Due artisti e due percorsi paralleli intrecciati tra loro raccontano la fragilità dell’uomo e la transitorietà dell’esistenza. Si tratta delle due mostre personali Just measuring unconsciousness, di Gregorio Botta, e Each second is the last, di Maria Elisabetta Novello, inaugurate il 3 febbraio scorso presso la Galleria Nazionale di Arte Moderna e Contemporanea. Il tema in comune, trattato ed esplorato secondo modalità diverse, porterà a esiti diversi rappresentati simbolicamente dai titoli delle esibizioni, tratti da due versi di uno stesso poema di Emily Dickinson.

“Each Second is the last

Perhaps, recalls the Man

Just measuring unconsciousness

The Sea and Spar between.

To fail within a Chance –

How terribler a thing

Than perish from the Chance’s list

Before the Perishing!” (Emily Dickinson)

Gli allestimenti – che rimarranno aperti al pubblico fino al 13 aprile – sono stati dedicati alla memoria di Lea Mattarella, la critica, storica dell’arte e docente dell’Accademia delle Belle Arti, scomparsa nel 2018 all’età di 54 anni.

Il lavoro di Gregorio Botta, a cura di Massimo Mininni, si divide in quattro tappe, una per sala, che simboleggiano le fasi di quel che potrebbe essere definito un viaggio esistenziale. Il percorso ha inizio nella stanza della gravitas, in cui delle rocce di varia dimensione si trovano appoggiate in bilico su delle bacchette di vetro fissate al muro. Fatti leggera leggera è il titolo dell’opera, ed è anche quello che verrebbe da dire a quelle pietre di varia dimensione che sembrano sul punto di cadere. Nella sala il “leggero” si contrappone al “pesante”, generando l’equilibrio che regola la vita. Il contrasto è visibile anche nella scultura Sisifo, sulla quale poggia una sottile sbarra di vetro rotante, ai cui estremi si trovano un grande sasso e una leggera coppa di cera. Il viaggio continua nella seconda stanza, quella del respiro, che conduce – attraverso un corridoio allestito con opere di piccola dimensione realizzate con garze, lini, veline bruciate e sangue – a quella che ricorda un hortus conclusus.

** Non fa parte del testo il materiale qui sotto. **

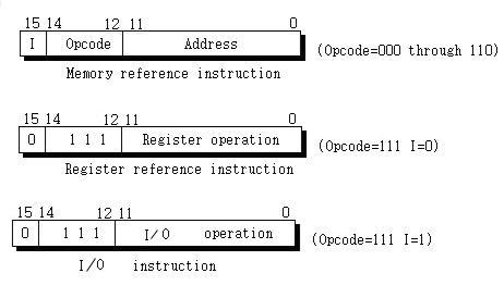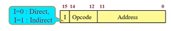 *메모리 참조 명령: 12비트를 주소지정에 사용하고, 주소 모드 I를 위해 맨 왼쪽의 한 비트를 사용한다.
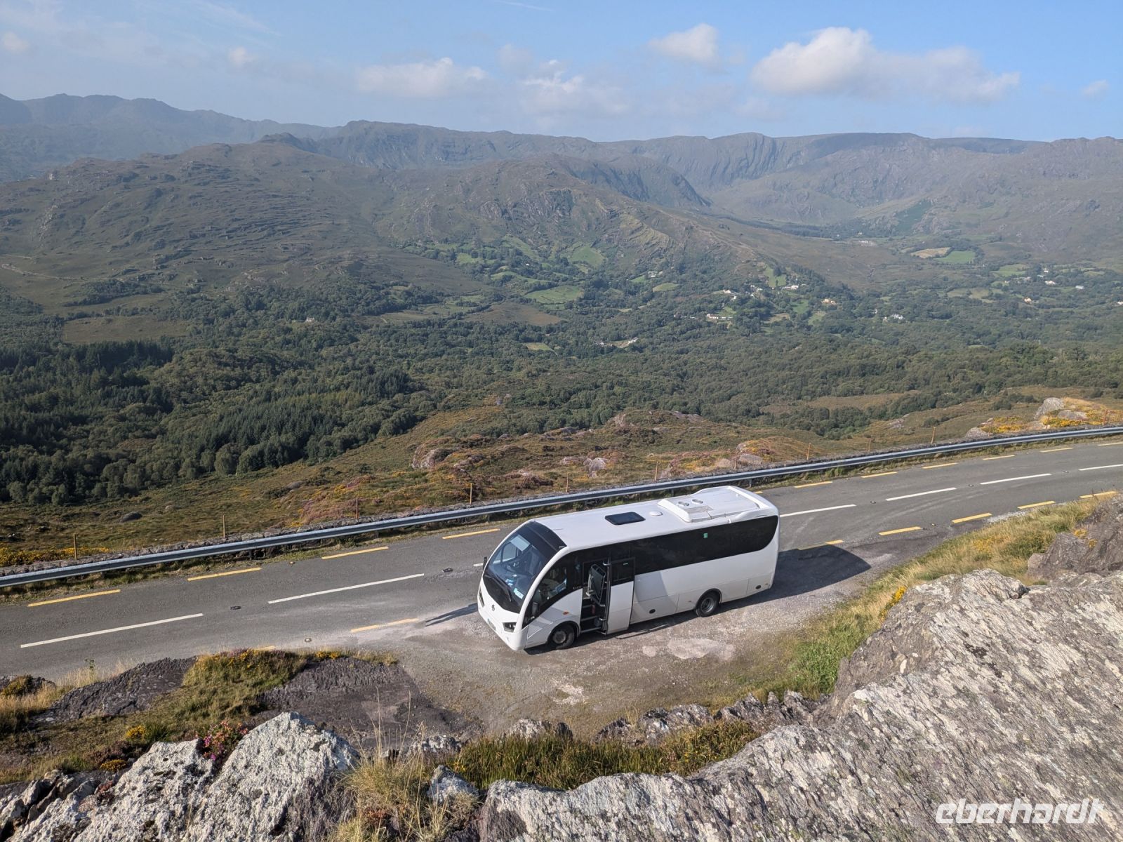 Heute erwartete uns eine lange, aber wunderschöne Fahrt durch Irlands faszinierende Landschaften. Morgens fuhren wir den Caha Pass entlang, einer Strecke, die uns durch eine atemberaubende Berglandschaft führte. An einem besonders malerischen Aussichtspunkt hielten wir an und stiegen einige Felsen hinauf, um das beeindruckende Panorama zu bewundern. Von unserem erhöhten Standpunkt aus sahen wir kleine, verstreute Häuschen und Wälder, eingebettet in die majestätischen Berge. Die Sonne glitzerte über der Szenerie und verlieh allem einen goldenen Schimmer.

Al centro, un piccolo pozzo di ferro dal quale sgorga dell’acqua simboleggia il carattere perpetuo della vita, mentre sulla parete si osserva una composizione di opere che hanno come protagonisti foglie e macchie di sangue. In questa reinterpretazione in chiave contemporanea dell’affresco Noli me tangere di Beato Angelico, il segno del sacrificio si fonde con la natura, così come il colore delle stimmate di Gesù si confondevano, a livello cromatico, con il rosso dei fiori del giardino.

La quarta stanza è dedicata alla sostanza dalle mille proprietà, l’acqua. Abbi cura di me è la richiesta che proviene da un’opera fragile, composta da vetri concavi, fissati al muro e pieni d’acqua, che riflettono la luce creando dei disegni concentrici sulla parete. Soggetta all’evaporazione, l’opera ha, infatti, bisogno di “bere” per continuare a vivere. Con l’acqua di Ofelia’s dreams – sulla quale poggia un letto di cera – si conclude il percorso realizzato da Botta alla scoperta delle forme dell’inconscio, tra vita morte, sofferenza e desiderio.

A cura di Ilaria Gianni, Each Second is the last si sofferma, invece, sul tempo e sulla relazione che esso instaura tra la vita e la morte. L’artista, interessata al processo di trasformazione delle cose attuato dal tempo, predilige materiali quali la polvere, il carbone e la cenere: tracce – quasi invisibili, ma concrete – dell’essere passato. La circolarità eterna tra prima e dopo, vita e morte, viene espressa in MORTE VITA, LA MORTE NELLA VITA. VITA MORTE, LA VITA NELLA MORTE, la prima opera del percorso, in cui Novello riporta con la cenere i versi di Crisalidi, di Carlo Michelstaedter. I caratteri poco nitidi e, alle volte, cancellati contribuiscono, in quest’ottica, a fortificare il legame tra i due termini opposti.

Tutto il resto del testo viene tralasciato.